Either way, I was on the fast track to becoming the city’s worst bartender when I showed up at Second and Chestnut with zero experience and the sneaky feeling that I wouldn’t last one semester in law school. I can still remember then-editor Ashlea Halpern asking me, in so many words, what I wanted to be when I grew up. I told her the truth, because I was 21 and that still seemed like the right approach: I had no idea. The last time I had set a career goal I was in kindergarten, and the whole Sugar Plum Fairy thing wasn’t panning out.
I’m not sure why she hired me – likely because I had a working laptop and the internship was unpaid – but nine years later I’m still unbelievably grateful that she took a chance. And a week after City Paper announced its unceremonious end, I’m still unbelievably sad that Broad Street Media was afraid to do the same.
A lot of really talented people have already explained what City Paper meant to journalism and to Philadelphia. (Here‘s another one. And here.) And that’s all true. During the course of its 34-year run, the iconic alt weekly churned out endless important stories supported by scrappy, original reporting and an office full of people who were audacious enough to give a shit. Even as page counts and budgets plummeted in recent years, City Paper remained ambitious. Sometimes this meant investigating Philadelphia’s corrupt civil-asset forfeiture system. Other times it meant channeling the ghost of Ernest Hemingway for the only advice column worth reading. In comparison, its competition ran a full-page cover ad for vaping, put on the We Surrender sweatpants and called it a day.
In truth, I never became a journalist, and so I have a hard time claiming any ownership to this side of my former workplace. (To its credit, City Paper never asked you to be something you weren’t, and from the very beginning I was more of a writer of blurbs and collector of stray Old City animals than I was a reporter. They were, for some reason, OK with that.) I’m proud to have been associated with it, but I have very little to do with the reason Philadelphia will remember City Paper fondly, why the last issue will be so bittersweet to so many people.

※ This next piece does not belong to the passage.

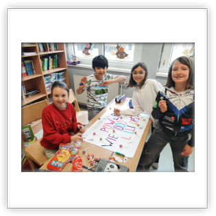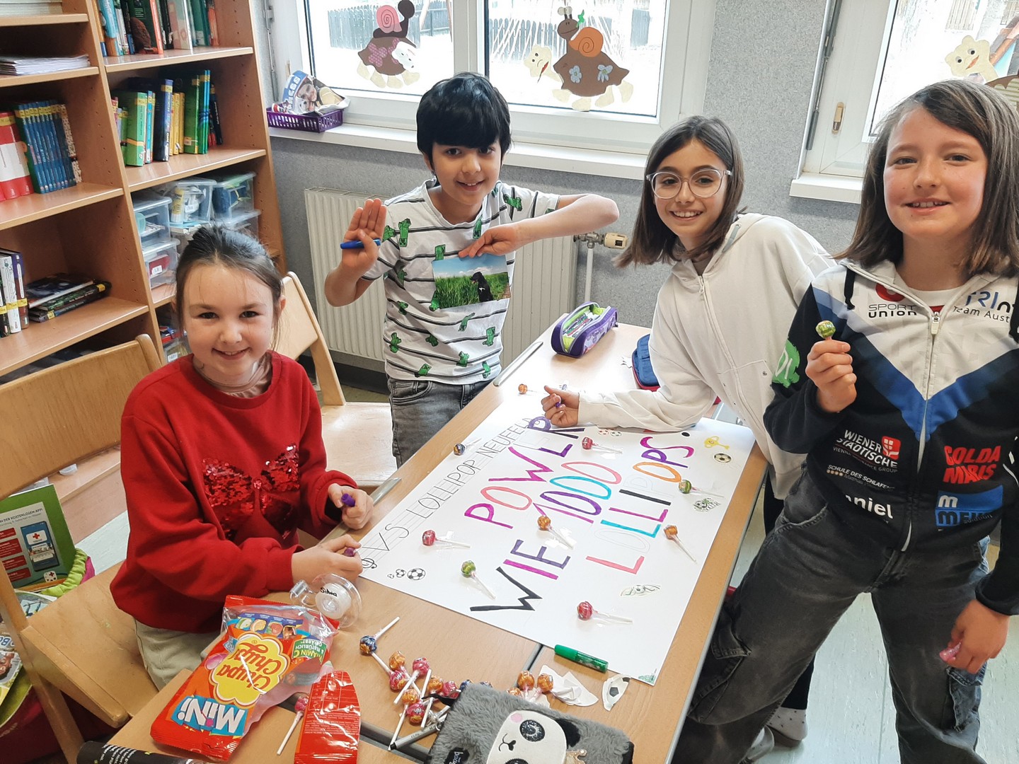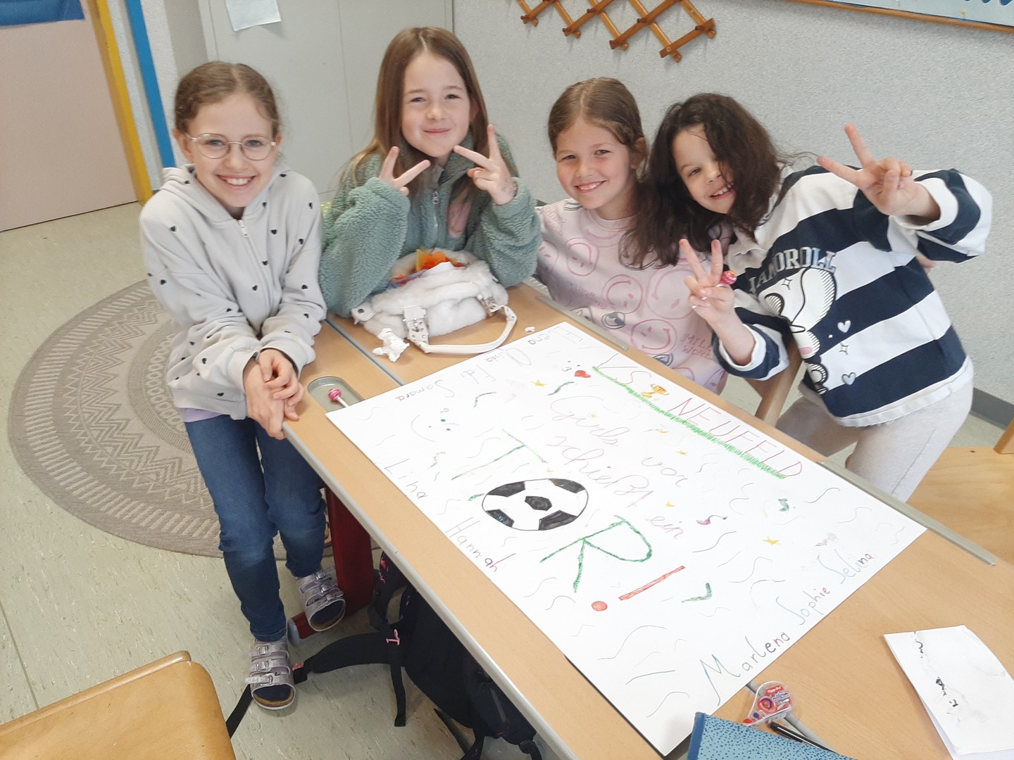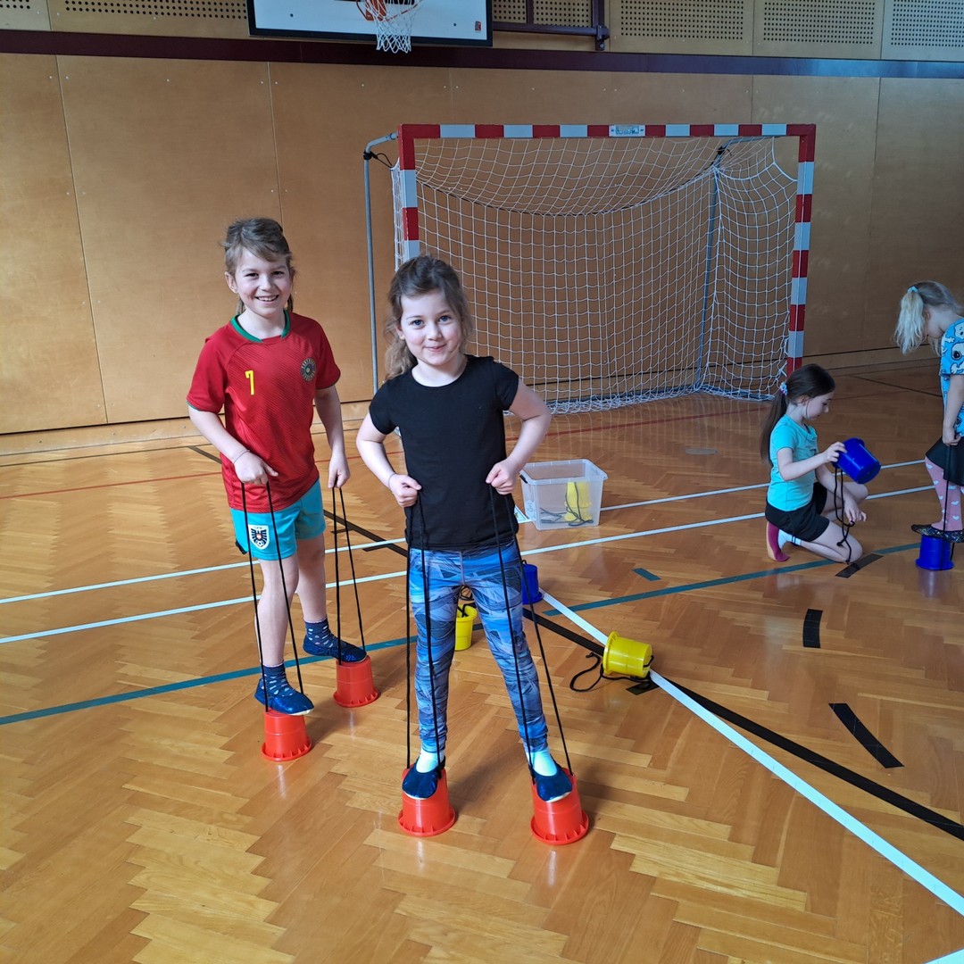 Um unsere Mädchen der 4AB beim Hopsi Hopper Cup am 23.04.2026 bestmöglich unterstützen zu können, wurden fleißig Fanplakate gestaltet und Sprüche geübt.

Here’s how I will remember the city’s last true alt weekly: As the absolute best place to work.
During my time at City Paper I learned how be a writer, and in many ways – despite the fact that I grew up here – how to be a Philadelphian with the help of an annoyingly talented and impossibly kind group of people. They believed in me when I said I could pull something off, then supported me when I quite clearly could not. I left every staff meeting with a cramp in my side from laughing, and I only cried when coworkers announced their resignations. In a stunning show of naïveté, assuming this was simply how the real world worked, I left after two years for another job. What can I say – I still had a lot of learning to do at 24.
It’s easy to blame new-owners Broad Street Media for shuttering City Paper while keeping Philadelphia Weekly on life support. Just as it’s easy to wonder how in the hell Metro – whose parent company served as CP’s previous overlords, and for whom I also worked – will outlive it. But no matter how rose-colored your glasses (mine are somewhere in the magenta range), the fact remains that all newspapers are living on borrowed time, and that publishing, like life, isn’t always fair. It’s an ugly truth that hurt at your high school reunion and will hurt when City Paper’s last issue hits the streets on Thursday: Sometimes flashy headlines and benign fluff will get you farther in this world than honest, original, from-the-heart work.
It was good knowing you, City Paper. You were the first to pay me to write, and the last to overlook the canary in my office. I guess all that’s left to say is thank you.